Записки Планшетной крысы - Эдуард Степанович Кочергин
— Во как, Степаныч, получилось! О, наболтал — то я тебе разного — всякого, а? На восемь годков в аккурат. Ты уж пожалей меня, не поминай глупостей старого швальника, они ведь «Крестами» пахнут. А то кум мой в тридцатых годах так опростался: стачал шинельку гэпэушному генеральчику по — царски, значит, как положено построил — да в подкладе иголочку забыл случаем. Так за иголочку «без переписки» и пропал — после опознания — то, что он романовский холоп. Во как быстро свет меняется! Сегодня наш, а завтра тот! Вот тебе и алимпические игры, хизкультура и театр, одним словом. Так — то, начальник.
— Да какой я тебе начальник?
— Как какой? Ты ведь жить начинаешь — значит, начальник. А я что, я уже в подчинении у Боженьки хожу. Революция от Бога освободила людей, а вместо него испуг принесла, вот и стали все мы в обмане жить. Я тоже ведь в обмане живу, какой из меня пожарный, швец я потомственный, пожарным прикидываюсь, так как выгода моя в этом есть. А посмотри на актёров наших — они всё время должны разных образов из себя делать. Мне — то из каптёрки видно, как они из своей одежонки выйдут, рожи усами да бородами оклеют, в чужое состояние войдут, а назад оттуда до конца — то не выходят, так и путаются между собою и разными персонами всю свою жизнь. Несчастные они человечки…
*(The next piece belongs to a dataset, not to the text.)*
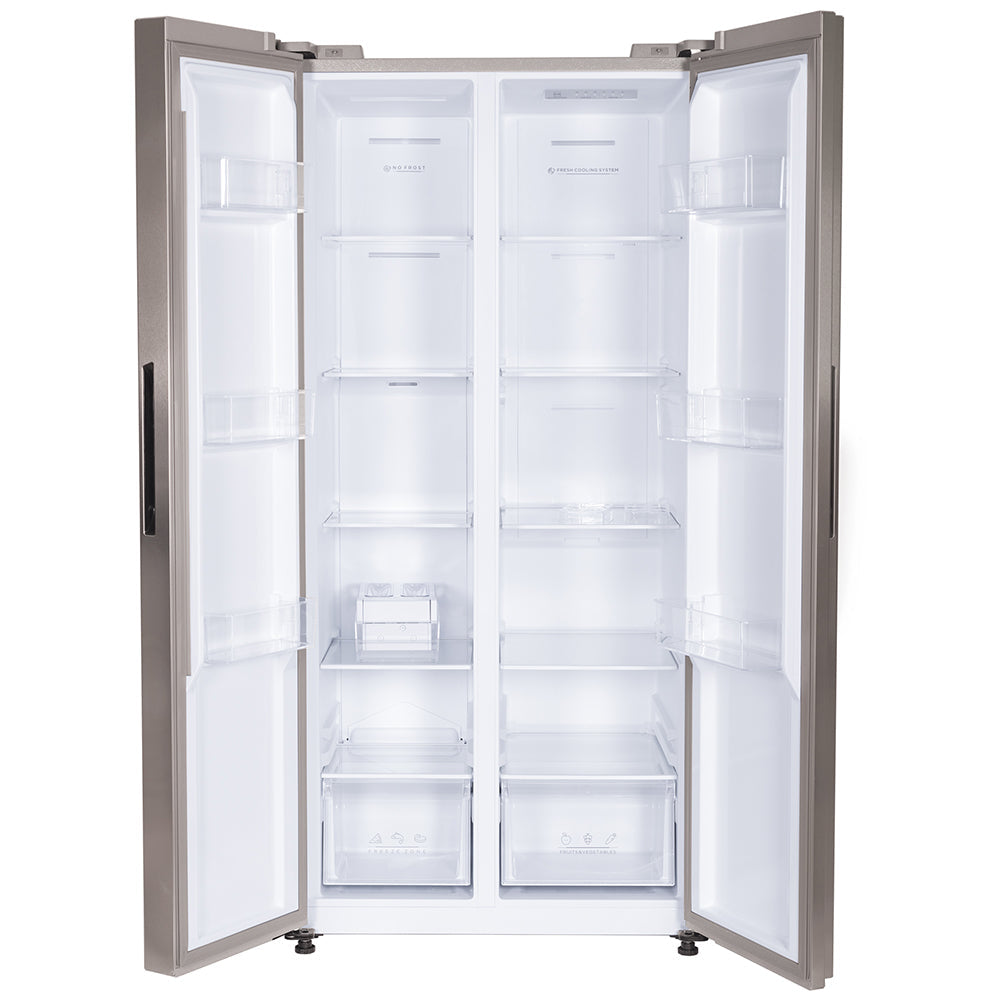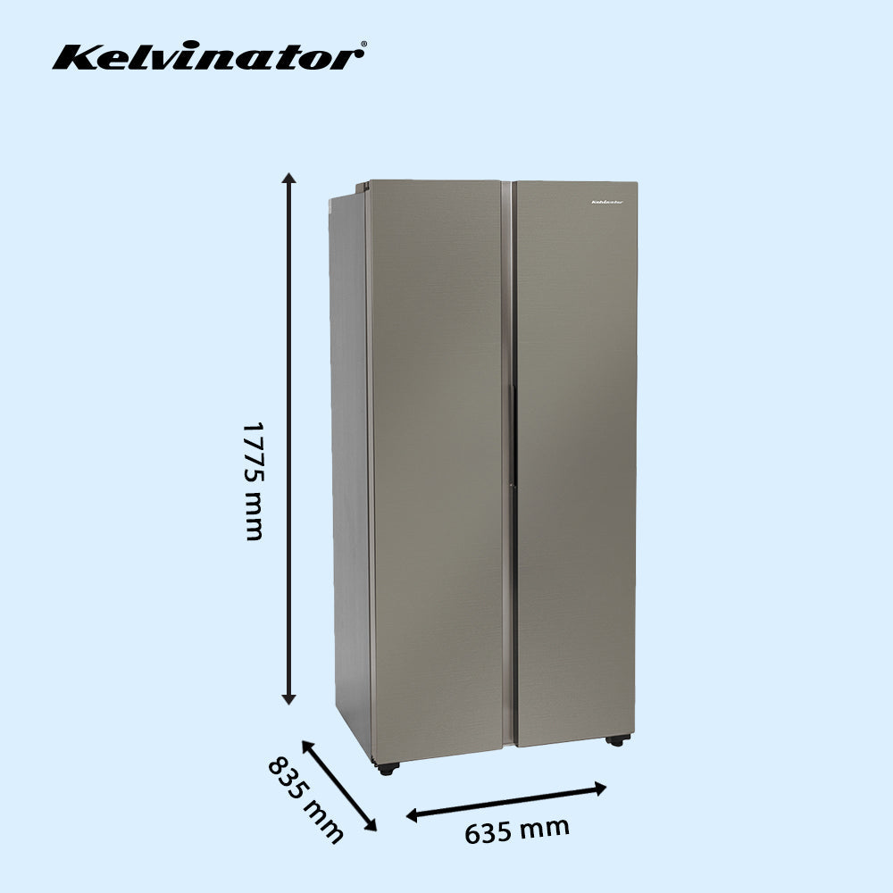 Kelvinator 500L Side-by-Side Fridge: Silver, Stabilizer Free

От его «верстака» через «сени», как он звал рабочий вестибюль — накопитель, был виден вход на сцену. Перед ним на стене висело зеркало, у которого артисты поправляют костюмы, прежде чем «взойти на сцену». Александр Сергеевич иногда комментировал эти смотрения.
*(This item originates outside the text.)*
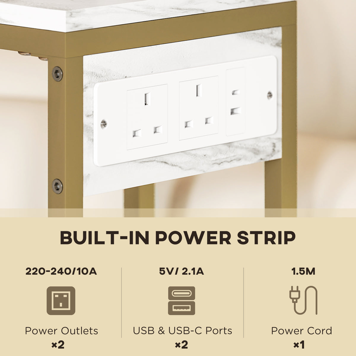 HOMCOM C Shaped Side Table with Charging Station and Faux Marble Top - White - White

— Глянь, Степаныч, гарцует — то, как кобылица, — говорил он про молодую актрису, — зеркалу свою стать кажет, холка — то, смотри, как пушится — жеребца просит, что ж ты зеваешь — такой товар пропадает. Эх ты, художник — худоёжник.
Моя — то какая была в молодости — шея белая, зубы перламутровые, а «сёдлышко» — то — у — у–у-у-у! — сесть да облокотиться можно было. А грива — запутаешься! С норовом, конечно, пришлось охаживать, как настоящую кобылку, пока не стала шелковистой. Во, Степаныч! — похвастался он прошлым своей старухи.
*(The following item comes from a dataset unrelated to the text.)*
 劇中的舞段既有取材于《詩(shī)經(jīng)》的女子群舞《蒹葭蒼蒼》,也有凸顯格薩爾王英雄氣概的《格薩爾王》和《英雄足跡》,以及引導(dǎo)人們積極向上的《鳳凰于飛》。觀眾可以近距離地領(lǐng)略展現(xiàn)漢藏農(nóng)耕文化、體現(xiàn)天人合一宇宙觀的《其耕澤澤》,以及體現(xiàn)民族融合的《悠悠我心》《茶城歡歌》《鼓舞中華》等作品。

Про оправлявшегося у зеркала нового директора театра сказал:
— Хрантовитый какой начальничек, при галстуке, в костюме, ранее — то они всё больше кительки себе шили. Как только возвышались по своей партийной линии — сразу заказывали кителёк. Власть свою в него охормляли. Знаешь, как много я их поделал, не посчитать, жизнь спасал, семью кормил.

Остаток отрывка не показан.